8. BlackRock World Mining Trust (BRWM LN) - (monthly, weekly & daily) This is the best conservative way to play the mining sector in my view, given BlackRock's experienced management and world class mining portfolio. The chart action will remain positive while the sequence of higher reaction lows is maintained. I would expect BRWM to perform well if the global cyclical bull trend resumes in Q4, as I anticipate. It currently sells at a discount to NAV of almost 16%. Here is the latest Trustnet factsheet on BRWM.
9. iShares FTSE Xinhua China (FXC LN) - (monthly, weekly & daily) - This remains a sleeper, and I have continued to nibble in recent months. Valuations remain attractive and the lengthy trading range should support a good advance in the event of an upside breakout which I am hoping will occur before yearend.

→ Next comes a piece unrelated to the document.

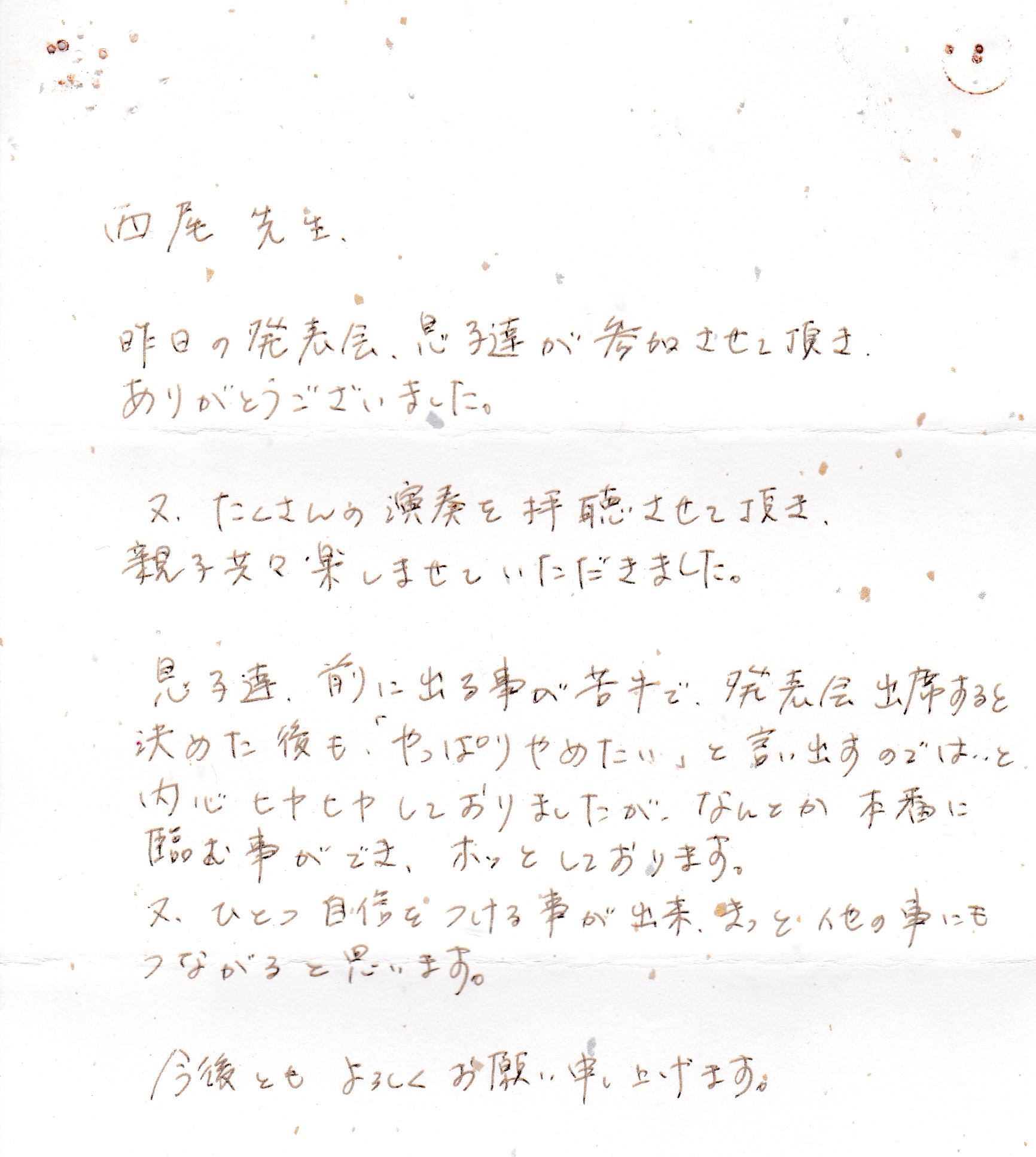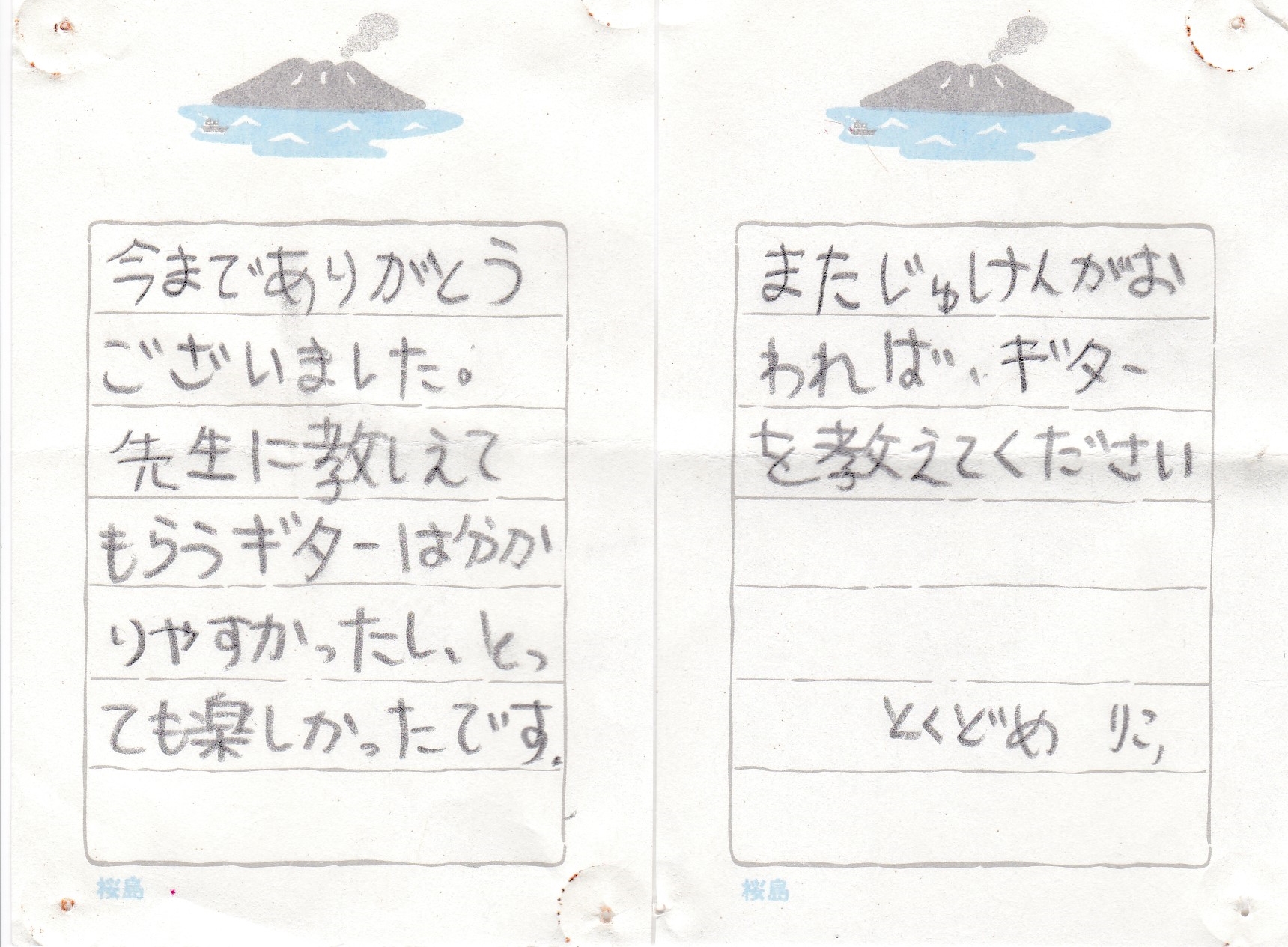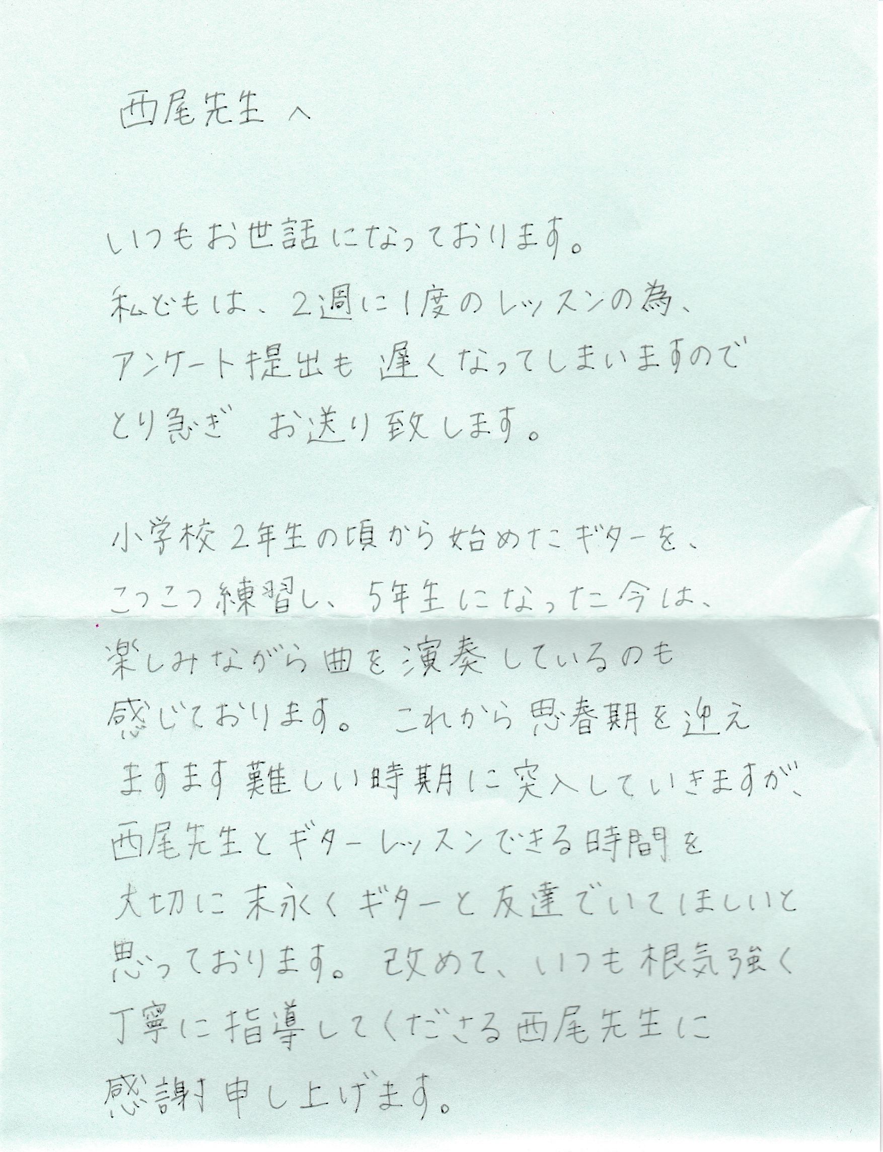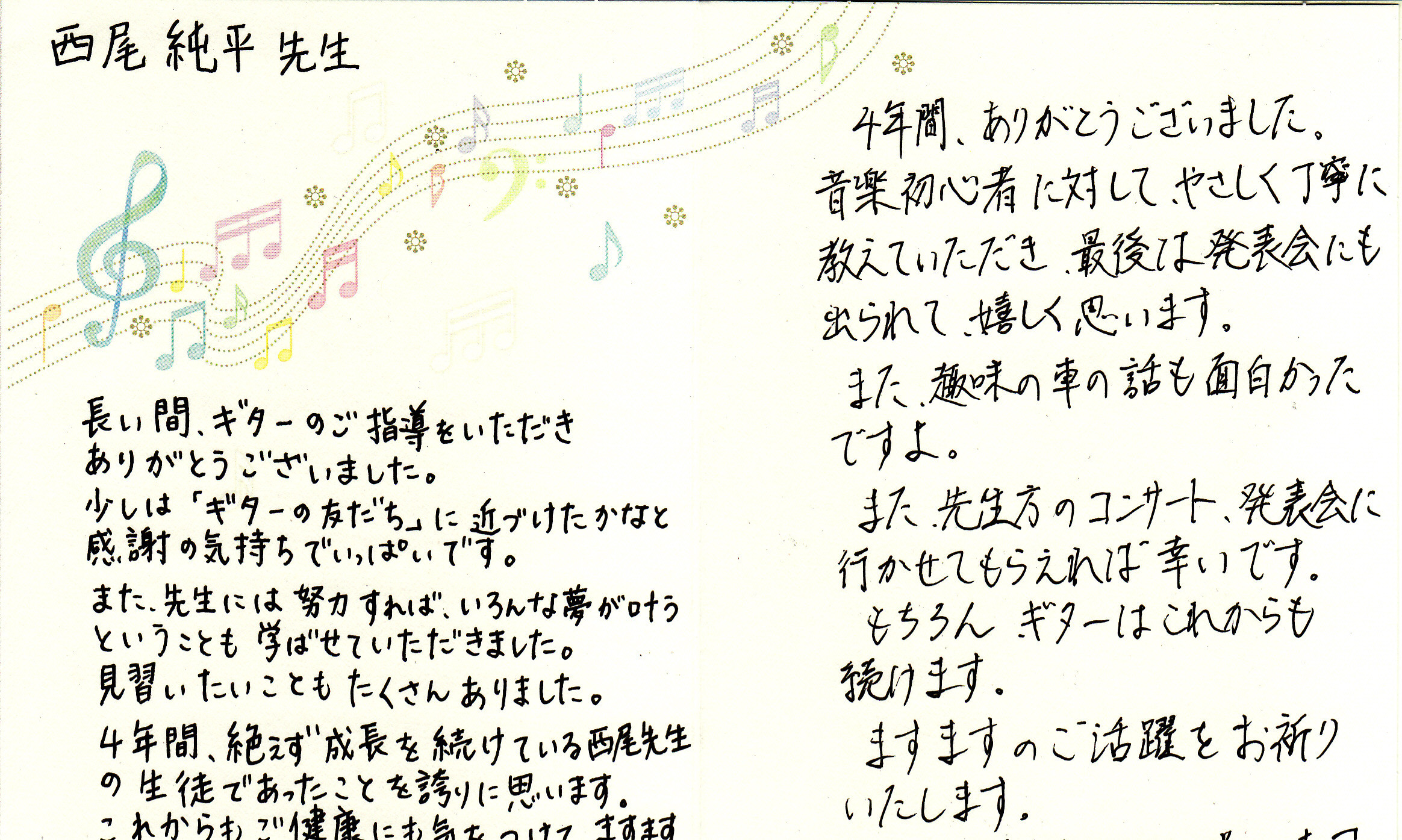 生徒さんからのお手紙 生徒さんから頂いたお手紙を掲載させていただきます。(※生徒さんの許可を得て掲載しています)・スマホで見る場合、画像をタップすると別ページに行き、もう一度画像をタップすると拡大表示されます。・パソコンで見る場合はマウスを画像の真上に置き、左クリックすると別ページに行き、もう一度画像を左クリックすると拡大表示されます。

10. Aberdeen New Dawn Investment Trust (ABD LN) - (monthly, weekly & daily) - I previously overestimated my weighting in ABD, probably because unlike a trading account, I monitor long-term investments via charts in my 'Favourites' section rather than online accounts or statements. And so much for my stated intention to add to ABD. Perhaps it was always doing too well when I was topping up ISA accounts or making an occasional portfolio switch. Anyway, Huge Young and his team have done a superb job and I note that his largest position by far as of 31st July 2010 was in India. ABD's discount to NAV is currently 7.35%.
I will review other positions in this portfolio before long.